- _WORK ORDER_:
In the records below, find the line containing "今日の献立は、豚丼、きゅうりの梅風味、白玉だんごのきな粉がけ、牛乳でした。" and the line containing "A Camiseta Tricot Listras é". Give again exactly those lines and every line between them, omitting the pictures.

- _RECORDS FOR THE EXERCISE_:
##########

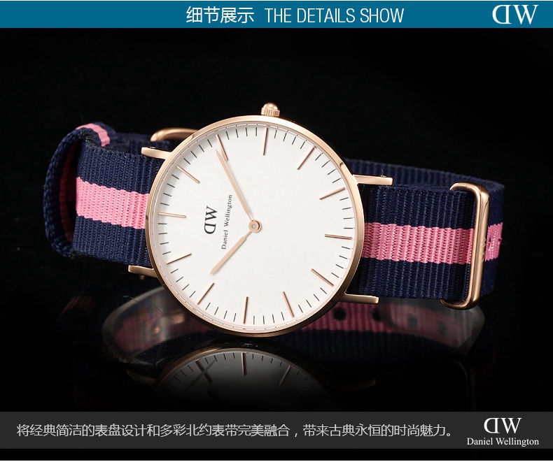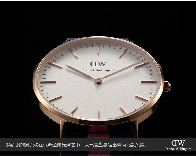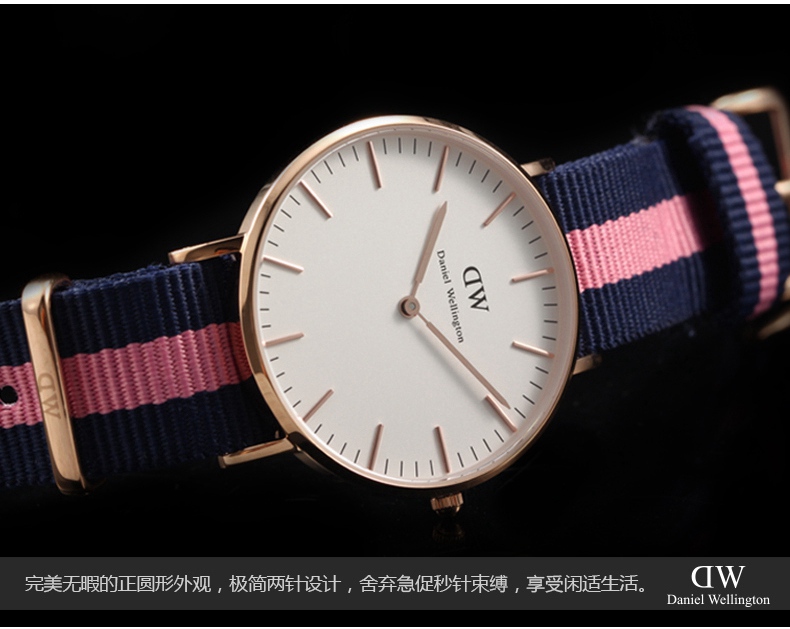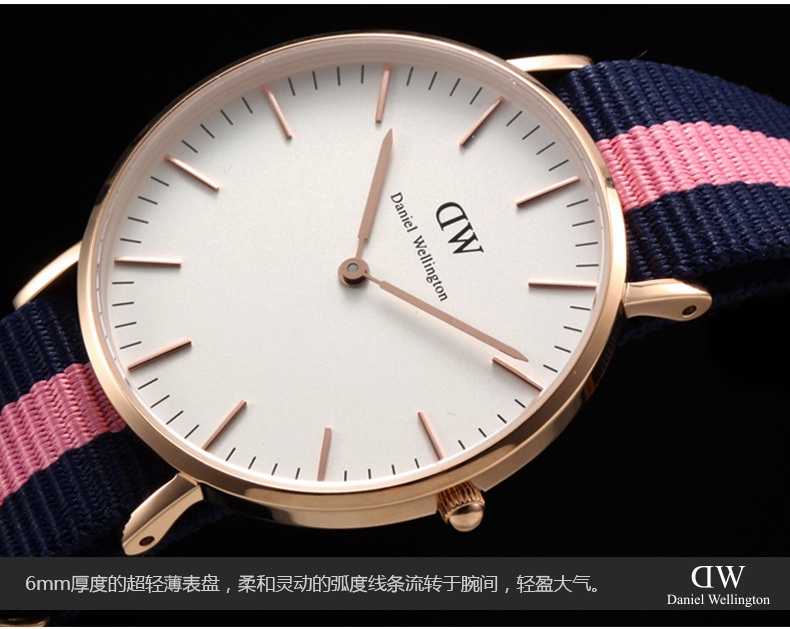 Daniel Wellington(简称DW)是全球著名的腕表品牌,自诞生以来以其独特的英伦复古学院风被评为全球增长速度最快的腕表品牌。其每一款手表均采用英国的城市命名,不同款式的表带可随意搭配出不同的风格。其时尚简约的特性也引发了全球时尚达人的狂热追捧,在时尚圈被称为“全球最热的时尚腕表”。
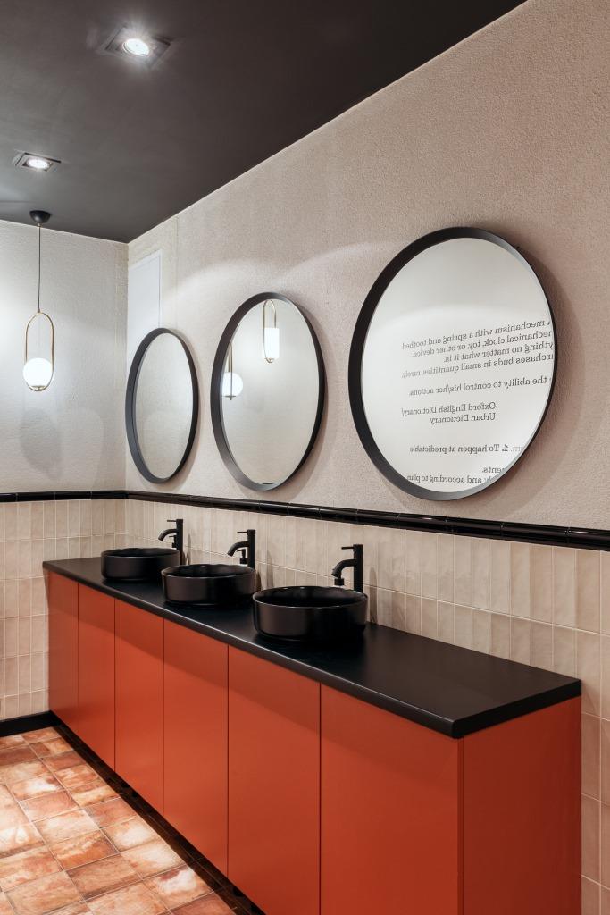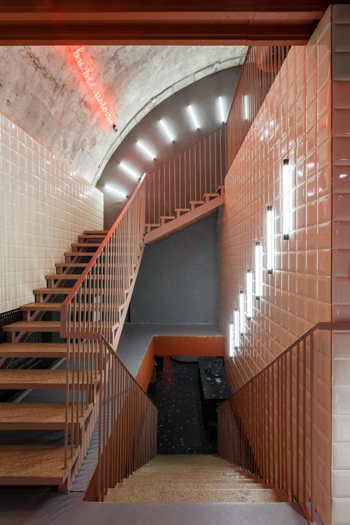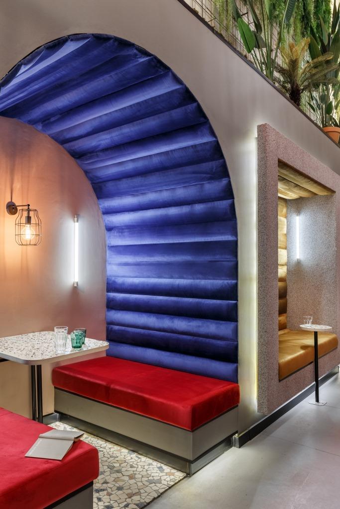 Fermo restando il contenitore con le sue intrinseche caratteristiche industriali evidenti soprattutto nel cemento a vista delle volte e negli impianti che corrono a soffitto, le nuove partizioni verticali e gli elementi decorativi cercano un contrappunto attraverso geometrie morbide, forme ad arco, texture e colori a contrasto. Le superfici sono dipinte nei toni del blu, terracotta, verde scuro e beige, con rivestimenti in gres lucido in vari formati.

##########

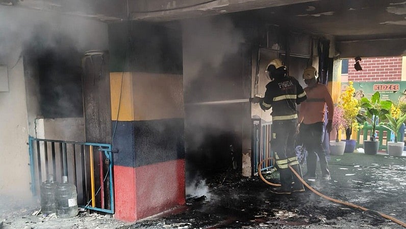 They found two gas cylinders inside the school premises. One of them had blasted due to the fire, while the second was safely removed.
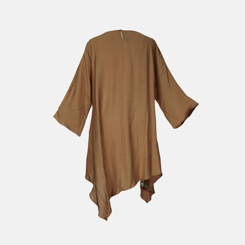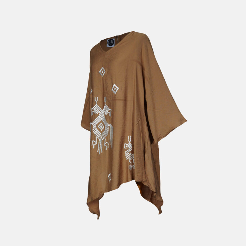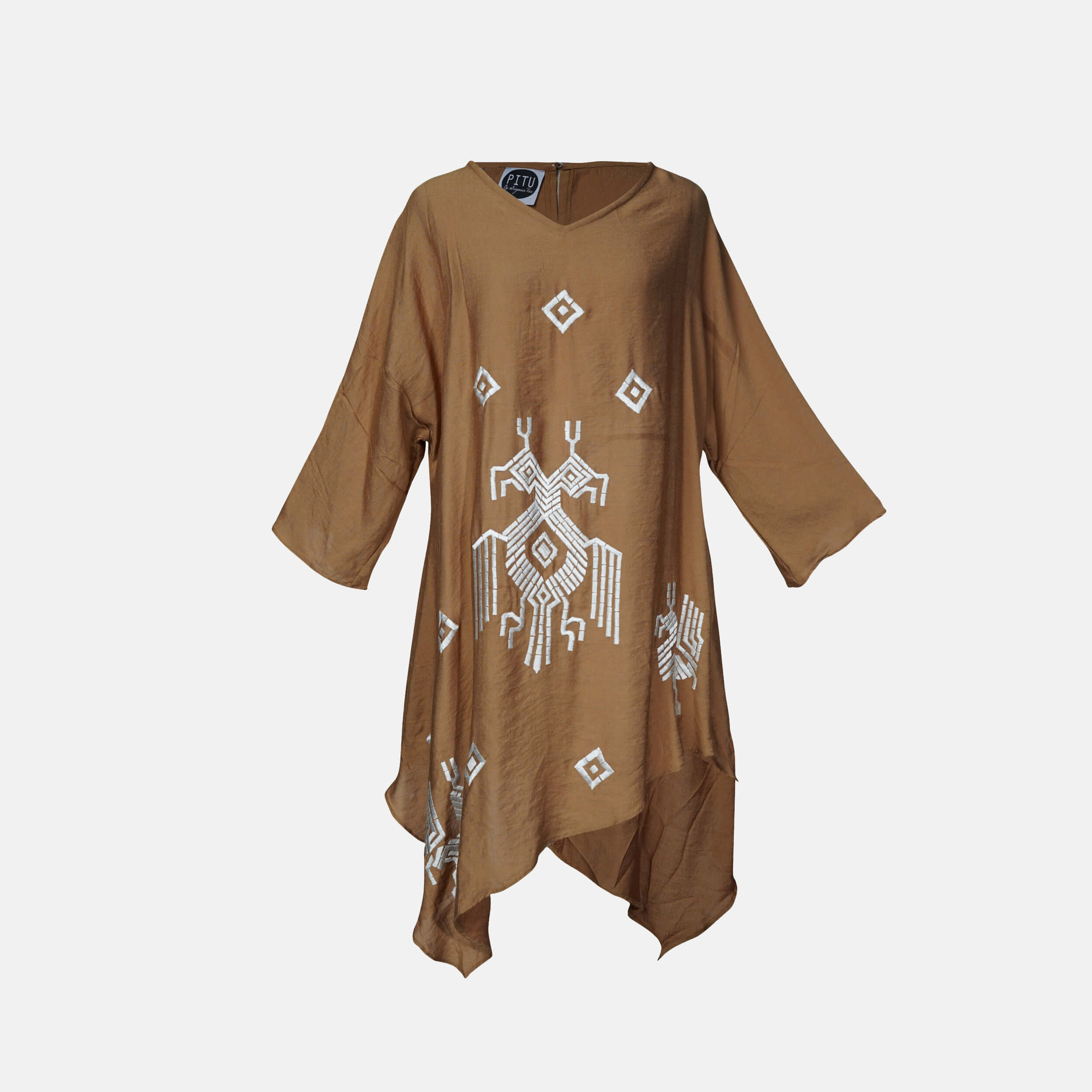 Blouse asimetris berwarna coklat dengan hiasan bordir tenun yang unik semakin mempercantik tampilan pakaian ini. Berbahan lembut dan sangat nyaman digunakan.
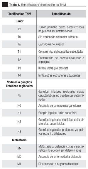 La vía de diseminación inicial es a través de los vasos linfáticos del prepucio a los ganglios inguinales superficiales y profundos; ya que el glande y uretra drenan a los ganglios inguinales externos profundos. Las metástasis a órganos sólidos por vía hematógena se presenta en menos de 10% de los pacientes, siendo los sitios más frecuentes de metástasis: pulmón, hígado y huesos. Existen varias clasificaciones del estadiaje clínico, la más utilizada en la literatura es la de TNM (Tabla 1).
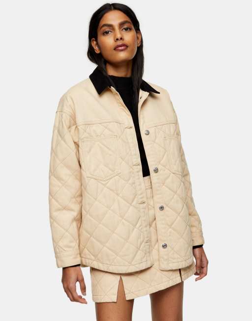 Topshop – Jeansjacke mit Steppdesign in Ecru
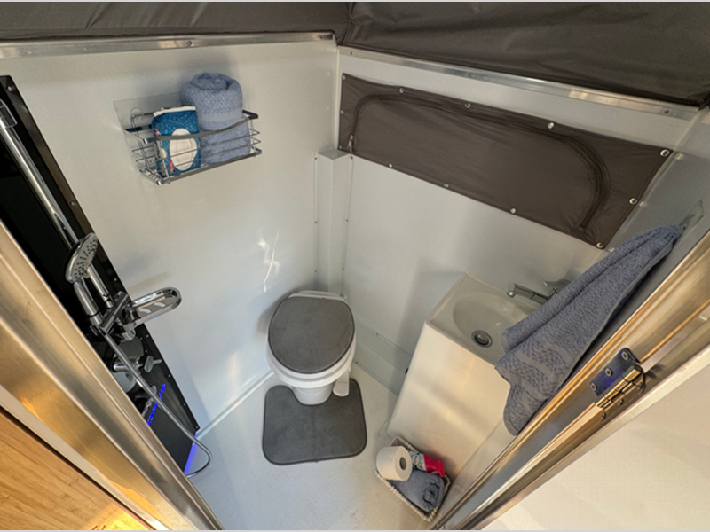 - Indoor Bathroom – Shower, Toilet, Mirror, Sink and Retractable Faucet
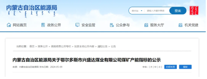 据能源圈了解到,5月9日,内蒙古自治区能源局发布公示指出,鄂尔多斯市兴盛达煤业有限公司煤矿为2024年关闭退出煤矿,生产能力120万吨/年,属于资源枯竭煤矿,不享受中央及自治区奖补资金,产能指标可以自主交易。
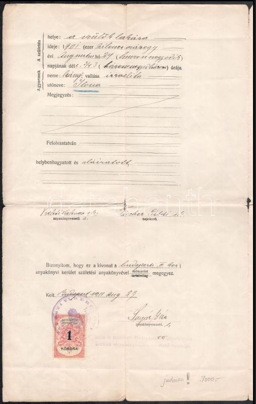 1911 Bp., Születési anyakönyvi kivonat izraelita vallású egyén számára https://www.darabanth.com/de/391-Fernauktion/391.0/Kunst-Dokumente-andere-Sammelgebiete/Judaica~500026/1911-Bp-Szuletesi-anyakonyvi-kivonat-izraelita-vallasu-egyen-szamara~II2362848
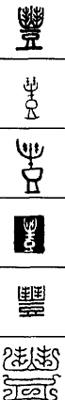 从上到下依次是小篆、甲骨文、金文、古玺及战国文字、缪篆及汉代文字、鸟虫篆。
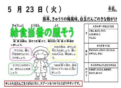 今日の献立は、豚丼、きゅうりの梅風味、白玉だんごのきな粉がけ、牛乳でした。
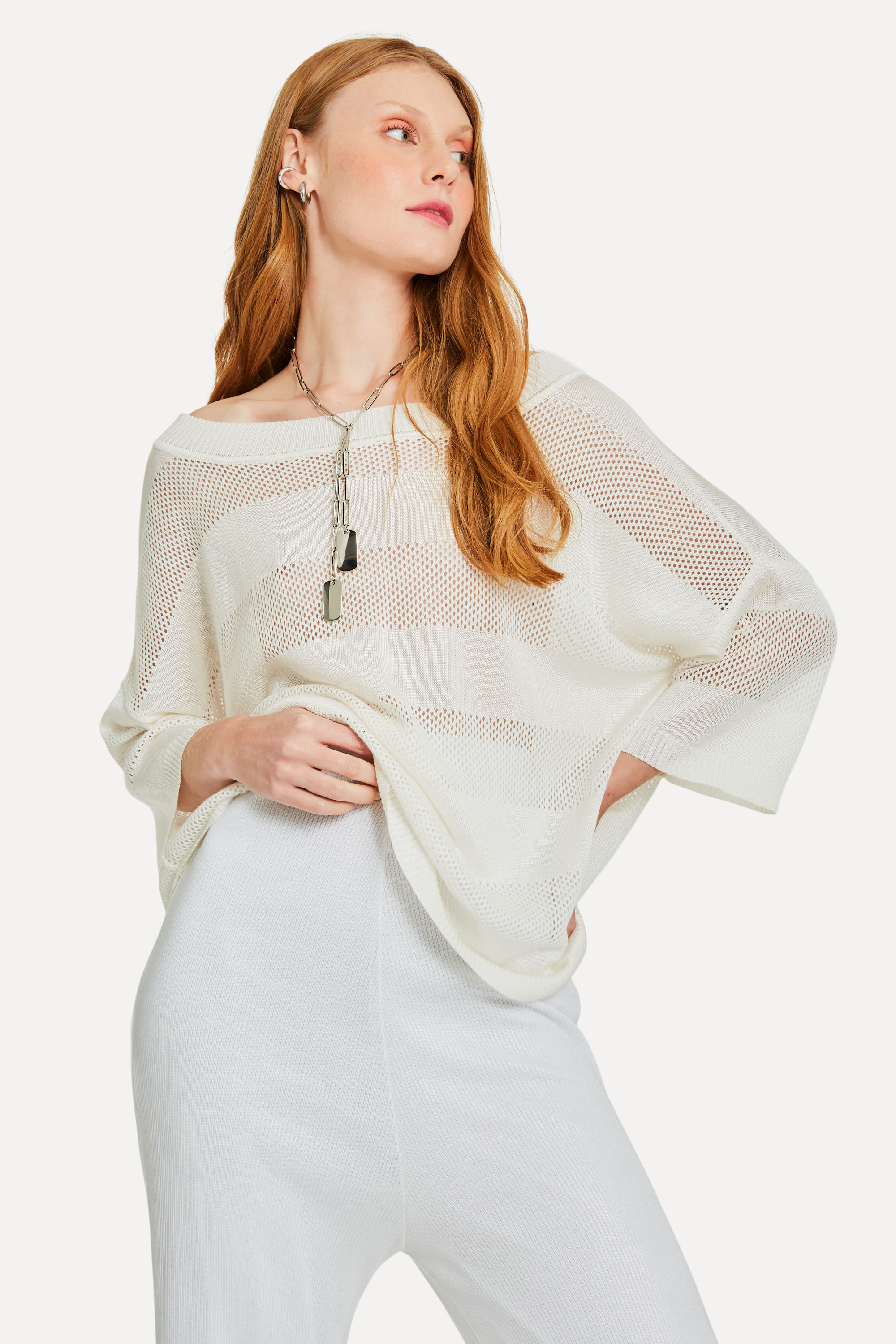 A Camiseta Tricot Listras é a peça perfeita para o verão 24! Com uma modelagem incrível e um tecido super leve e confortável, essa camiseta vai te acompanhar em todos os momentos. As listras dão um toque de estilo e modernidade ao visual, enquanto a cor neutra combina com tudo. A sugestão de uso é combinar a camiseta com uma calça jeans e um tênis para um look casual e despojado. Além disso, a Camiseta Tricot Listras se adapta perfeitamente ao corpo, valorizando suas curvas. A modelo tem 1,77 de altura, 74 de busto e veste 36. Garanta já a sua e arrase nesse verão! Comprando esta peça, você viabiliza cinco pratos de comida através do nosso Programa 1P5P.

##########

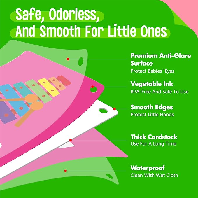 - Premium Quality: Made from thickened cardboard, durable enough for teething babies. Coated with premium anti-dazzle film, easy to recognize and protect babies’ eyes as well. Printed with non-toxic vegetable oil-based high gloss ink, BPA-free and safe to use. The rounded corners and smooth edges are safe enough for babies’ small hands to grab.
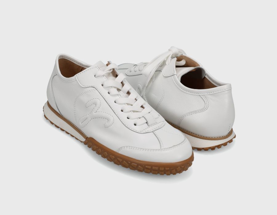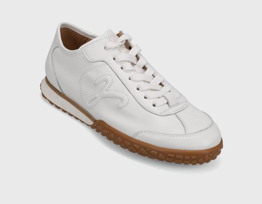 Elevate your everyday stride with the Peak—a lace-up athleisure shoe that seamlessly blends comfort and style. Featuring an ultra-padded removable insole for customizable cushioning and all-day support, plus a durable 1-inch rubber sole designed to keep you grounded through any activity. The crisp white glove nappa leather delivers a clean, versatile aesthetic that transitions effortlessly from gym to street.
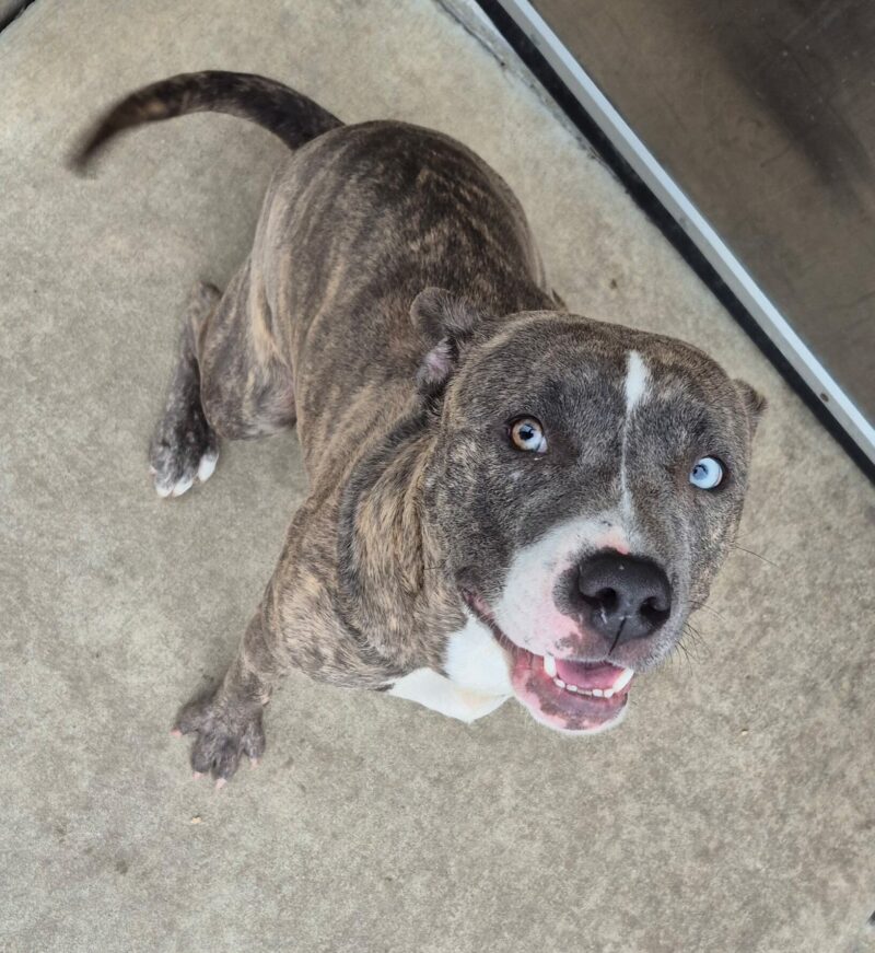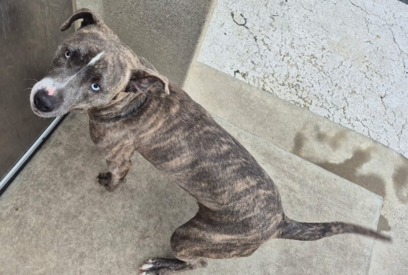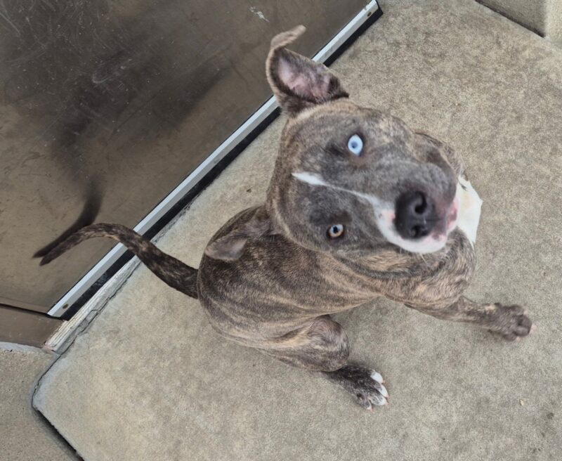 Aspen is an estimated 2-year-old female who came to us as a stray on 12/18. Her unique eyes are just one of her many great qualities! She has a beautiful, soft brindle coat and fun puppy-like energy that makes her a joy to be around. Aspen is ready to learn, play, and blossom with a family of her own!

##########

- _RESPONSE TO THIS TASK_:
 今日の献立は、豚丼、きゅうりの梅風味、白玉だんごのきな粉がけ、牛乳でした。
 A Camiseta Tricot Listras é a peça perfeita para o verão 24! Com uma modelagem incrível e um tecido super leve e confortável, essa camiseta vai te acompanhar em todos os momentos. As listras dão um toque de estilo e modernidade ao visual, enquanto a cor neutra combina com tudo. A sugestão de uso é combinar a camiseta com uma calça jeans e um tênis para um look casual e despojado. Além disso, a Camiseta Tricot Listras se adapta perfeitamente ao corpo, valorizando suas curvas. A modelo tem 1,77 de altura, 74 de busto e veste 36. Garanta já a sua e arrase nesse verão! Comprando esta peça, você viabiliza cinco pratos de comida através do nosso Programa 1P5P.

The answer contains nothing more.